= MATERIAL SUPPLIED =
################

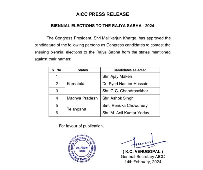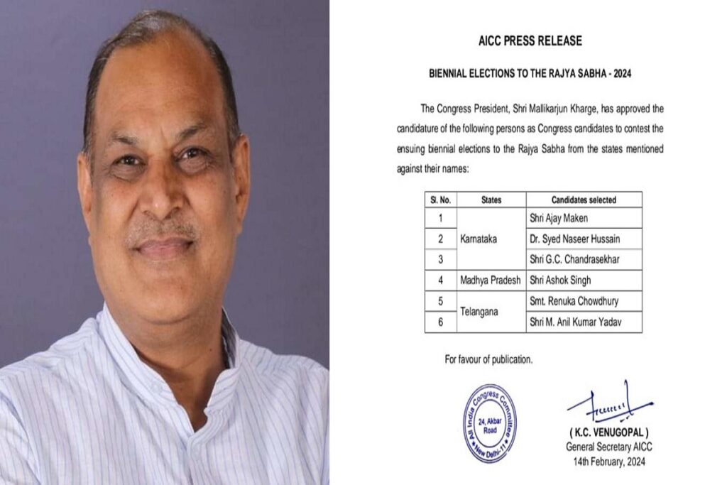 Rajya sabha election 2024: भोपाल। मध्यप्रदेश में कांग्रेस ने अपने राज्यसभा के लिए उम्मीदवार की घोषणा कर दी है। कांग्रेस ने अपनी ओर से अशोक सिंह को मध्यप्रदेश से राज्यसभा भेजने का ऐलान किया है। बता दें कि अशोक सिंह एमपी कांग्रेस के उपाध्यक्ष हैं। वहीं इसके साथ ही आज कांग्रेस ने अपनी दूसरी सूची में तीन राज्यों के लिए 6 उम्मीदवारों की घोषणा कर दी है। इसमें से कर्नाटक से तीन नाम तय किए गए हैं जिनमें अजय माकन, डॉक्टर सैयद नासिर हुसैन और जी सी चंद्रशेखर का नाम शामिल है।
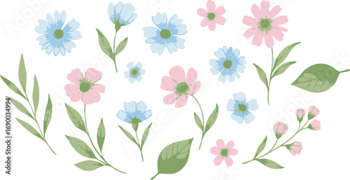 A collection of watercolor-style floral elements including blue and pink flowers, green leaves, and budding branches, arranged on a white background.
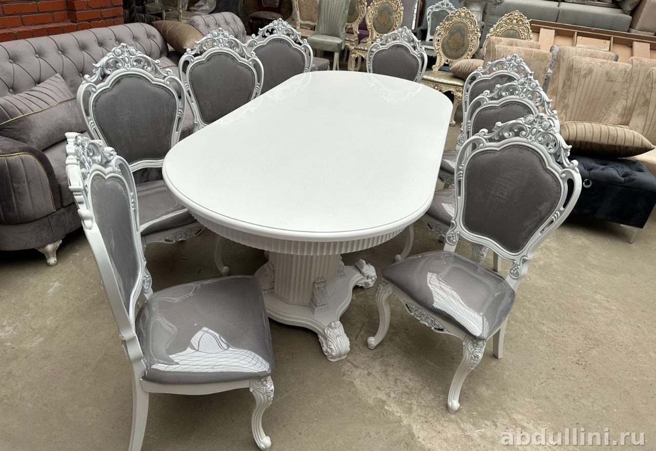 Комплект мебели для обеденной зоны включает раздвижной стол и стул. Стол с размерами 240/280 см подойдет для большой семьи или гостей. Стул выполнен в классическом стиле с удобной посадкой.
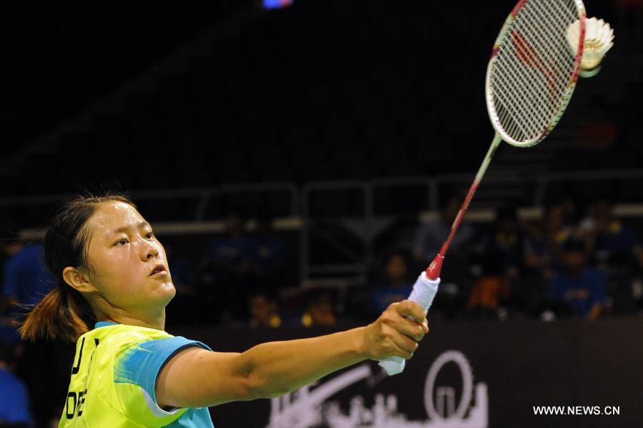 Singapore's Chen Jiayuan returns a shot during the women's singles match against Iris Wang of the United States at the OUE Singapore Open in Singapore, April 8, 2015. Chen Jiayuan won 2-1. (Xinhua/Then Chih Wey)
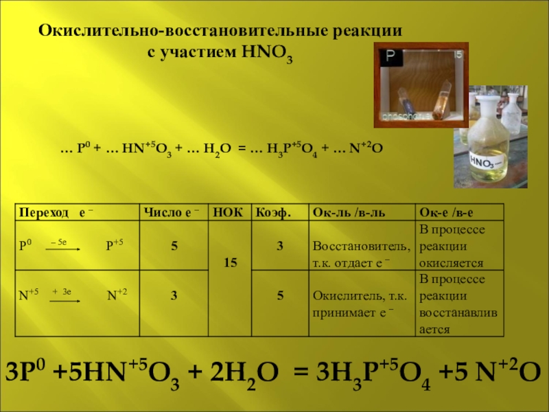 … P0 + … HN+5O3 + … H2O = … H3P+5O4 + … N+2O
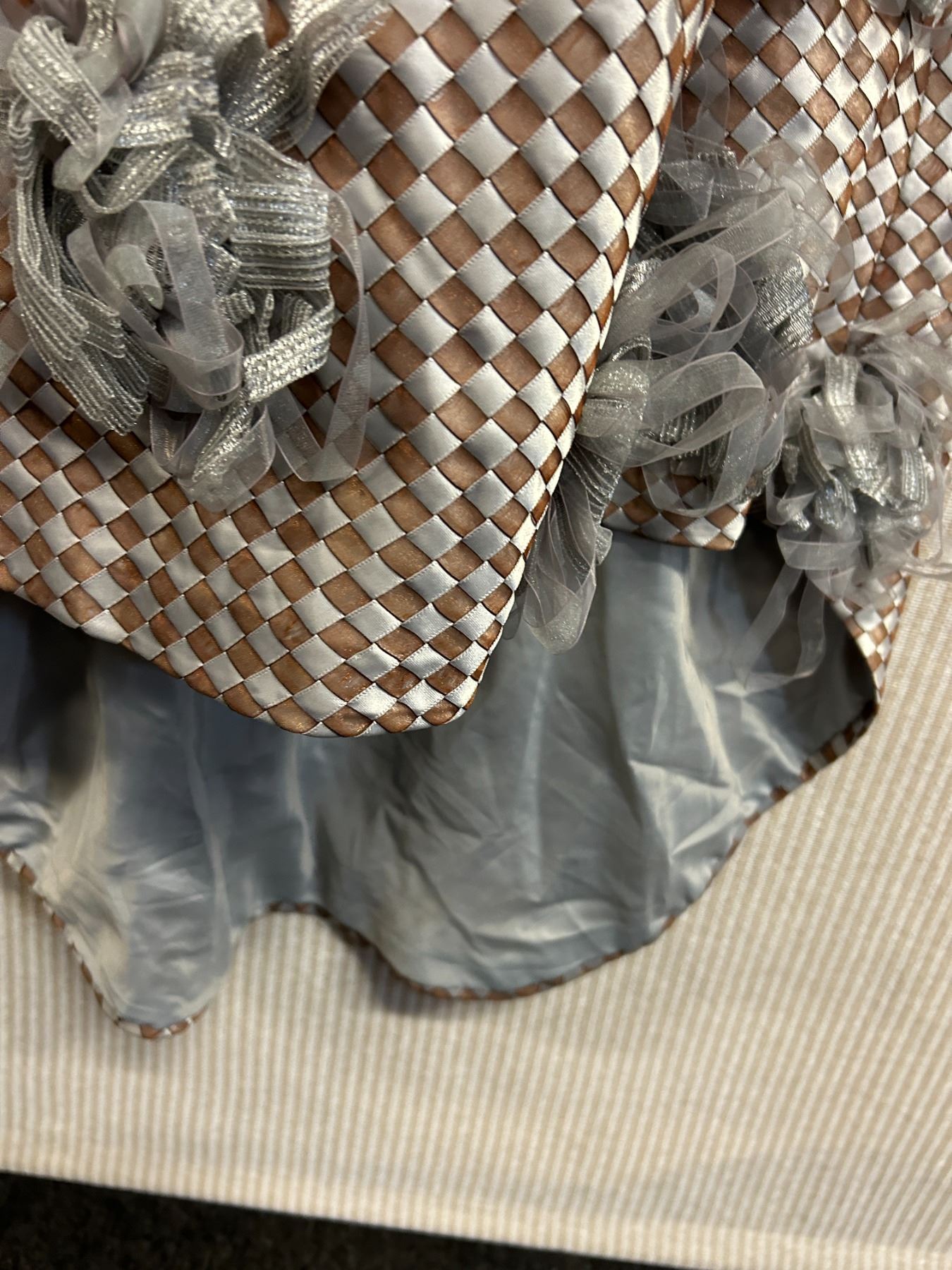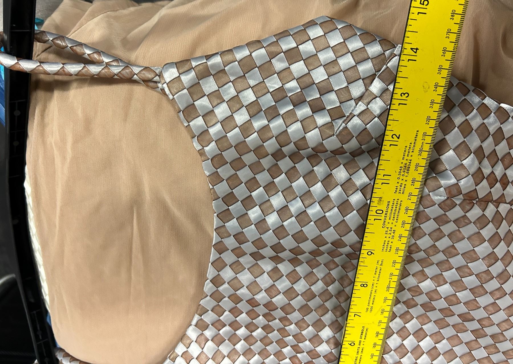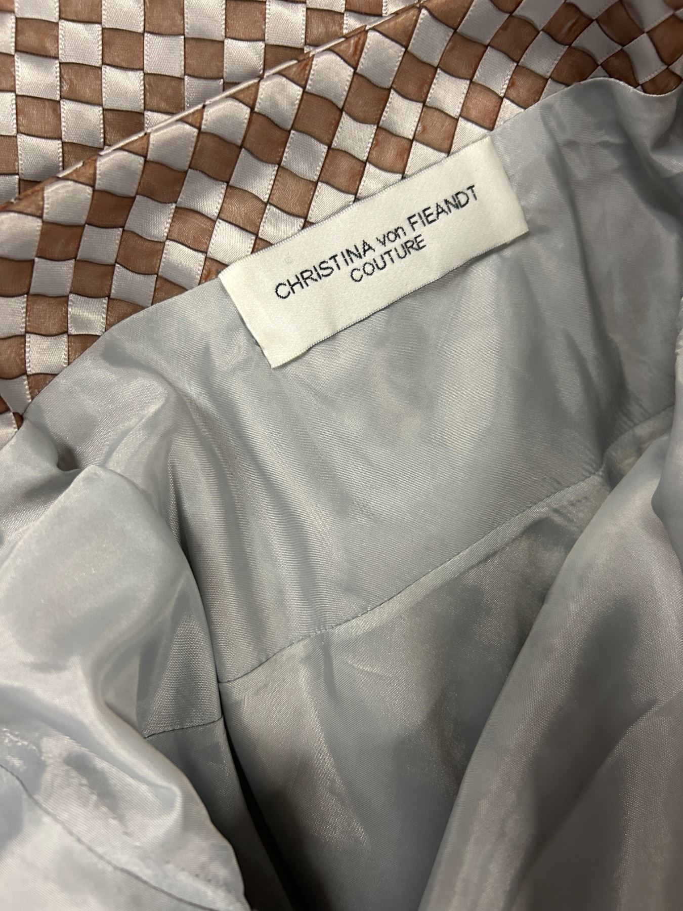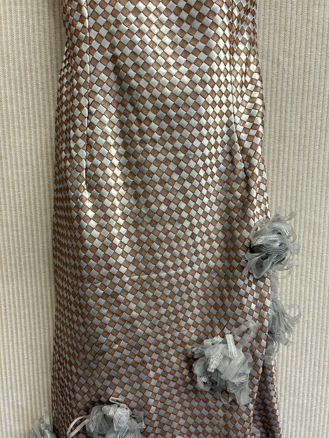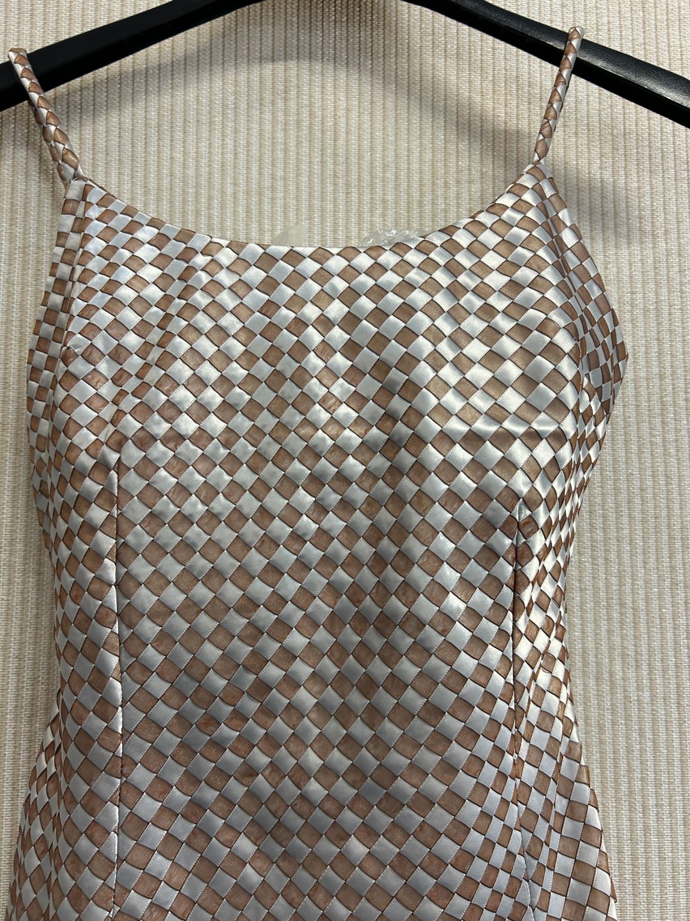 Christina von Fieandt Woven Cocktail Long Dress, White & Brown, New - No Tag (Bust approx. 32", waist approx. 28"). Very long.

################

The aim is an exact repeat of the entire listing, stripped of pictures.

= RESPONSE TO THE TASK =
 Rajya sabha election 2024: भोपाल। मध्यप्रदेश में कांग्रेस ने अपने राज्यसभा के लिए उम्मीदवार की घोषणा कर दी है। कांग्रेस ने अपनी ओर से अशोक सिंह को मध्यप्रदेश से राज्यसभा भेजने का ऐलान किया है। बता दें कि अशोक सिंह एमपी कांग्रेस के उपाध्यक्ष हैं। वहीं इसके साथ ही आज कांग्रेस ने अपनी दूसरी सूची में तीन राज्यों के लिए 6 उम्मीदवारों की घोषणा कर दी है। इसमें से कर्नाटक से तीन नाम तय किए गए हैं जिनमें अजय माकन, डॉक्टर सैयद नासिर हुसैन और जी सी चंद्रशेखर का नाम शामिल है।
 A collection of watercolor-style floral elements including blue and pink flowers, green leaves, and budding branches, arranged on a white background.
 Комплект мебели для обеденной зоны включает раздвижной стол и стул. Стол с размерами 240/280 см подойдет для большой семьи или гостей. Стул выполнен в классическом стиле с удобной посадкой.
 Singapore's Chen Jiayuan returns a shot during the women's singles match against Iris Wang of the United States at the OUE Singapore Open in Singapore, April 8, 2015. Chen Jiayuan won 2-1. (Xinhua/Then Chih Wey)
 … P0 + … HN+5O3 + … H2O = … H3P+5O4 + … N+2O
 Christina von Fieandt Woven Cocktail Long Dress, White & Brown, New - No Tag (Bust approx. 32", waist approx. 28"). Very long.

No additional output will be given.